**Problem to work on:** For every line in the data below that contains "double", copy the line.

───── Dataset records ─────

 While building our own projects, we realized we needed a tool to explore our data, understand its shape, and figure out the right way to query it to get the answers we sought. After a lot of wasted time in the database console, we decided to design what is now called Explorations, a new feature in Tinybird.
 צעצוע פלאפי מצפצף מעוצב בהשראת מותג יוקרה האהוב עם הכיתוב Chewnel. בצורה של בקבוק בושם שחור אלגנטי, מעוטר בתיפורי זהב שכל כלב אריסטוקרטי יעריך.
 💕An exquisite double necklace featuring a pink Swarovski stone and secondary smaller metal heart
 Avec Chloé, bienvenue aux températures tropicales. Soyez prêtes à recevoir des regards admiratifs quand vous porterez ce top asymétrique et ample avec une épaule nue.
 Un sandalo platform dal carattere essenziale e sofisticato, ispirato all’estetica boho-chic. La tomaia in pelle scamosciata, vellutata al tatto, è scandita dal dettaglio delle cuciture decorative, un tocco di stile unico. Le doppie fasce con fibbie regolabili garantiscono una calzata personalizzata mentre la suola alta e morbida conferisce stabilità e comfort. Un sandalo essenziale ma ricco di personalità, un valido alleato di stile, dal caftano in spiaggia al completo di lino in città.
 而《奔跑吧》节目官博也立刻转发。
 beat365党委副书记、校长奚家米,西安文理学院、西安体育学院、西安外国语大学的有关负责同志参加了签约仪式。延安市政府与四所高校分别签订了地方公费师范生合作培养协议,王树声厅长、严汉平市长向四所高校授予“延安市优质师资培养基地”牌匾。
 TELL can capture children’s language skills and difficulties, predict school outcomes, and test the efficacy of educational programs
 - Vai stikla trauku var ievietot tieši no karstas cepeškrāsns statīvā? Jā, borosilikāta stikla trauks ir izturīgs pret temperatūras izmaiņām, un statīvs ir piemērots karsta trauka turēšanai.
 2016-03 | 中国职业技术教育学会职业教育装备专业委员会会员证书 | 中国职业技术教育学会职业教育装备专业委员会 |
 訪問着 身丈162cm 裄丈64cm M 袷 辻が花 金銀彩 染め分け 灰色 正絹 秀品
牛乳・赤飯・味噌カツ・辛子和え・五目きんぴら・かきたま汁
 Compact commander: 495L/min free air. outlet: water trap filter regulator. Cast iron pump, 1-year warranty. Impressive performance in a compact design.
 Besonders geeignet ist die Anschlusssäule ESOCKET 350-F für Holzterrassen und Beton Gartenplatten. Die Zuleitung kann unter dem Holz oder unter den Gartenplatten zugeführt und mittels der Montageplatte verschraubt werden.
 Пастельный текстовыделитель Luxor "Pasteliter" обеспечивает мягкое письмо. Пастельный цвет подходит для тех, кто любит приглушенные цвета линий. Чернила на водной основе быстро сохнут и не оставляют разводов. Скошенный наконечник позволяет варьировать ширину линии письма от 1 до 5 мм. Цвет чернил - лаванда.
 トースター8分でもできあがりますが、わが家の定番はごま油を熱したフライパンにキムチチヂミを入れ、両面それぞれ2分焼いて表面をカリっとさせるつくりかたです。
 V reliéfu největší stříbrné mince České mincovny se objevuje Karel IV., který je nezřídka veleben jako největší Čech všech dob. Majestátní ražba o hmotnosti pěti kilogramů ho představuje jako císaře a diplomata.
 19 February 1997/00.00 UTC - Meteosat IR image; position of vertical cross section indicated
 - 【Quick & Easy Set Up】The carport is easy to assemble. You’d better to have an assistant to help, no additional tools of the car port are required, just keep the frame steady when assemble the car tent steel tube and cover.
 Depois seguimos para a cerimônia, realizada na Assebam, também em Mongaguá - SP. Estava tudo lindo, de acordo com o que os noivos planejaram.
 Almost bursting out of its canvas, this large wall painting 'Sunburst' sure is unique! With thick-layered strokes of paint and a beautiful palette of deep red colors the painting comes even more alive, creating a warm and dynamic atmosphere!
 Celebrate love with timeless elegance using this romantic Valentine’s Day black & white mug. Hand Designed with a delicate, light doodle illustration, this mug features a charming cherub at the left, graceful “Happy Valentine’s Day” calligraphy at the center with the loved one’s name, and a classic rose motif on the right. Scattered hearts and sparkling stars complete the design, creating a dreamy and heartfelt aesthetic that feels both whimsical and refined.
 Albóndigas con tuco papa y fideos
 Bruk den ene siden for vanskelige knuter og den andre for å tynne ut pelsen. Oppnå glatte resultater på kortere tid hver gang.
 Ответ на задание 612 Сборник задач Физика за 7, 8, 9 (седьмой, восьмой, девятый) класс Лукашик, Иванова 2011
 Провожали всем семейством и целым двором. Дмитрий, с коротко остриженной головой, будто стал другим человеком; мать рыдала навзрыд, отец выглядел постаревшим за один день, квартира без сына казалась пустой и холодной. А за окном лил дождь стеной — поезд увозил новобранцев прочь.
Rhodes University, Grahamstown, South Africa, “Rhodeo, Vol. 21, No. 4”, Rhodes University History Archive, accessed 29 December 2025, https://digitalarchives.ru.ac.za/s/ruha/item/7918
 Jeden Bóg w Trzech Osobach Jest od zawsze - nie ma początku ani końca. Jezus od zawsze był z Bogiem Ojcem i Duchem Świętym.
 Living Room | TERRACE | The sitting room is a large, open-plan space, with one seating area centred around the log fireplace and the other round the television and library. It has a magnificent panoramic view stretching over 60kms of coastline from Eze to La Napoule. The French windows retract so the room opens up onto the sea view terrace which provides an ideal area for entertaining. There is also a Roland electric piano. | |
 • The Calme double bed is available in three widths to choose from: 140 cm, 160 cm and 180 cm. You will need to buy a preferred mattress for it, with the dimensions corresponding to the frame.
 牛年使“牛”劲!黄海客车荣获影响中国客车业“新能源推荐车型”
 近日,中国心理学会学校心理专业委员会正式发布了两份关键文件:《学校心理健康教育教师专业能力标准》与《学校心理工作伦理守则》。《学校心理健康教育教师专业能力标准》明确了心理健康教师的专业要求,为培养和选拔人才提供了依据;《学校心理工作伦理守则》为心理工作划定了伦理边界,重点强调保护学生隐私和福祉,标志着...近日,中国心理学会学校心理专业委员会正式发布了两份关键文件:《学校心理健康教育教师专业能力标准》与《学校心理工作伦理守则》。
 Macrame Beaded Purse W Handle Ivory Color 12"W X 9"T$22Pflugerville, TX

─────

**Answer for this exercise:**
 💕An exquisite double necklace featuring a pink Swarovski stone and secondary smaller metal heart
 • The Calme double bed is available in three widths to choose from: 140 cm, 160 cm and 180 cm. You will need to buy a preferred mattress for it, with the dimensions corresponding to the frame.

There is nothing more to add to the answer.